The public-interest law firm Judicial Watch reached a settlement agreement with the State of California and L.A. County officials to begin removing as many as 1.5 million inactive voters whose registrations may be invalid. Neither state nor county officials in California have been removing inactive voters from the rolls for 20 years, even though the U.S. Supreme Court affirmed in 2019, in Husted v. Randolph Institute, a case about Ohio’s voter-registration laws, that federal law “makes this removal mandatory.” Some progress has been made in California, but enforcement of the Judicial Watch agreement has been sporadic and half-hearted.

Now two-thirds of Californians vote by mail and their ballots can be counted if they arrive three days after the election. If signatures don’t match, voters must be contacted and allowed to make corrections. Voters can also cast provisional ballots on Election Day, and their eligibility often takes days to resolve. It often takes a full four weeks to resolve some close races.

(2) The DMV automatically registers people to vote.

Almost everyone who does business with the state’s Motor Vehicles Bureau and other public agencies gets automatically registered to vote. But this program is riddled with errors and has even registered illegal immigrants, minors too young to vote, and felons who were supposed to be ineligible.

(3) California allows voters to register to vote and cast a ballot on Election Day.

On Election Day, one can show up at a polling location and register to vote and cast a ballot all on the same day by taking advantage of a Conditional Voter Registration process. It is all too easy for someone from out of state or in another city to give an incorrect address and have their vote counted before anyone is the wiser.

(4) “Ballot harvesting” allows political operatives and other third parties to go door to door collecting ballots and then deliver them to election officials. In 2018, California legalized ballot trafficking, essentially sending out an engraved invitation for mischief and the bypassing of election integrity.

The left-of-center Los Angeles Times agrees. In a 2018 editorial, it blasted the state’s “overly-permissive ballot collection law” as being “written without sufficient safeguards.” The Times concluded that “the law passed in 2106 does open the door to coercion and fraud and should be fixed or repealed.” It hasn’t been.

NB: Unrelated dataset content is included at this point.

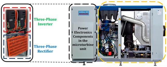 The AE T100 micro gas turbine is a small-scale power generation system rated at 100 kW, designed for various distributed energy applications. According to the manufacturer’s specifications [23], the entire AE T100 system occupies a total physical volume of 4.51 m3. Within this total volume, different subsystems work together to produce electrical power efficiently and reliably. One key subsystem is the inverter, which converts the turbine’s mechanical energy into a usable electrical form.
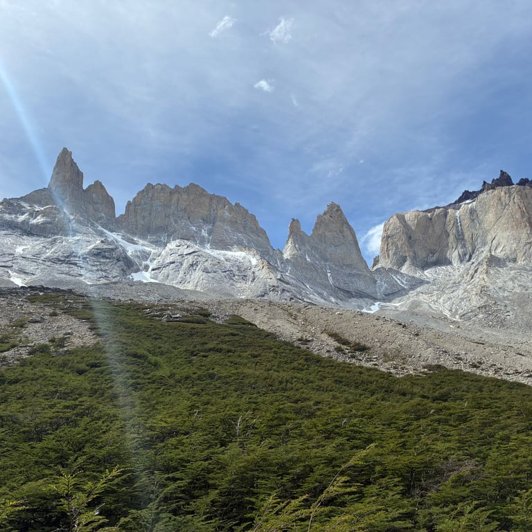 and doing this trek in the Torres del Paine region was nothing short of breathtaking, everywhere you looked there was just the most beautiful views of mountains, glaciers, turquoise lagoons and more. The refugios were mainly based within the forests which were stunning. We put up the tent under the trees and went to the kitchens with our stove to get cooking with whatever we had rationed for the day.

(5) Voters can cast a ballot at the “wrong” polling place.

California allows provisional ballots, which are ballots cast that are reviewed separately after being placed in a special envelope. The reason for the review may be that some showed up in the wrong precinct or forgot that he had already voted by mail. The Federalist notes: “These ballots are then supposed to be checked against other rolls to make sure the person did not vote twice, but there are reasons to doubt the state’s ability to properly execute this.”

The Heritage Foundation’s Election Integrity Scorecard ranks California 49th in the nation in the soundness and simplicity of its laws, scoring only 30 out of a possible 100.

California is the only state in the nation where it’s illegal for officials to ask for people’s IDs when they vote.

Then there’s the state’s top-two “jungle” primary, which since 2012 has mandated that the top two finishers regardless of party go on to the general election. The Los Angeles Times admits that the promises of its supporters — that pragmatic candidates would prevail over partisans and there would be more competitive elections — have “failed to materialize.” Paul Mitchell, the state’s most prominent political data analyst, bluntly says: “The record doesn’t line up with what the advocates promised.”

There are also bizarre outcomes. In 2018, voters dissatisfied with the visibly fading 85-year-old Senator Dianne Feinstein had to choose between her and a radical Democrat in the November general election. This year, a solidly GOP state-senate district saw only two Democrats advance to the November runoff. Everyone else will be disenfranchised.

Let’s stipulate that California’s political rules are a mess and shouldn’t be emulated by any other state. Period.

John Fund is National Review’s national-affairs reporter and a fellow at the Committee to Unleash Prosperity.